A sector of a circle has an area of 55cm^2. If the radius of the circle is 10cm. Calculate the angle of the sector. (Use π=22/7)

To find the angle of the sector, we can use the formula:

Area of sector = (θ/360)πr^2

Given that the area of the sector is 55 cm^2 and the radius is 10 cm, we can plug in the values:

55 = (θ/360) * (22/7) * 10^2
55 = (θ/360) * 220
55 = 22θ/7
θ = (55 * 7)/22
θ = 35 degrees

So, the angle of the sector is 35 degrees.

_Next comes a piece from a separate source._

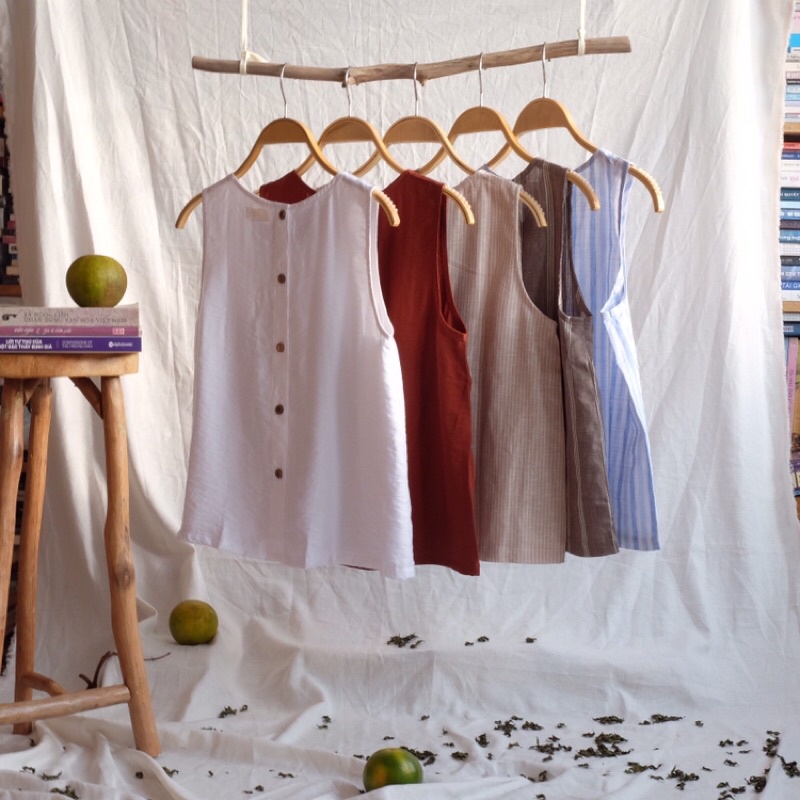 Giới thiệu Áo sát nách nút sau lưng Đơn giản Freesize Vintage Thời trang Nữ Áo ba lỗ by Góc của Lam
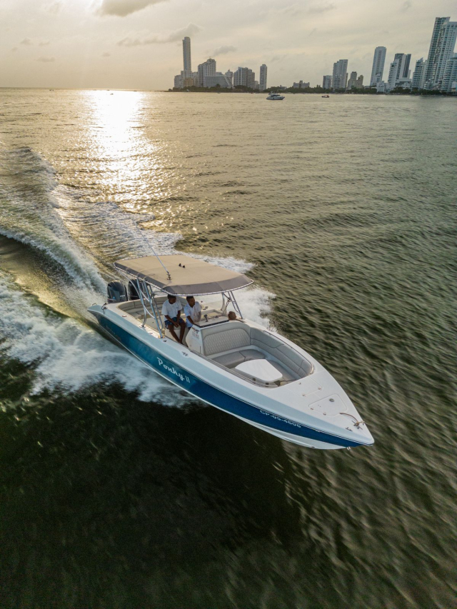 The Ponky II is a 30-foot boat with capacity for 12 passengers, designed to offer comfort and space during navigation. Its layout allows you to enjoy the trip in total comfort, as it has seating areas both at the bow and at the stern, ideal for relaxing and admiring the landscape. In addition, at the bow there is a table perfect for sharing special moments on board. The cushions are in perfect condition, providing an elegant and comfortable environment, while the roof at the stern provides shade, allowing you to enjoy the trip without worrying about sun exposure. Whether to tour the Rosario, Barú or Cholón Islands, or for a walk around the bay of Cartagena, the Ponky II guarantees an unforgettable experience at sea.

To find the area of the shaded segment, we need to subtract the area of the sector from the area of the sector minus the area of the triangle formed by the sector.

Area of segment = Area of sector - Area of triangle

Area of sector = (35/360) * (22/7) * 10^2
= (7/18) * 220
= 85/2 cm^2

The triangle is an isosceles triangle with two equal sides as the radius of the circle (10 cm) and the base angle of 35 degrees. We can calculate the height using the formula:

height = (10) * sin(35)
≈ 5.74 cm

Area of triangle = (1/2) * base * height
= (1/2) * 10 * 5.74
≈ 28.7 cm^2

Therefore, Area of segment = 85/2 - 28.7
= 85/2 - 57.4
= 27/2 cm^2

Hence, the area of the shaded segment is 27/2 cm^2.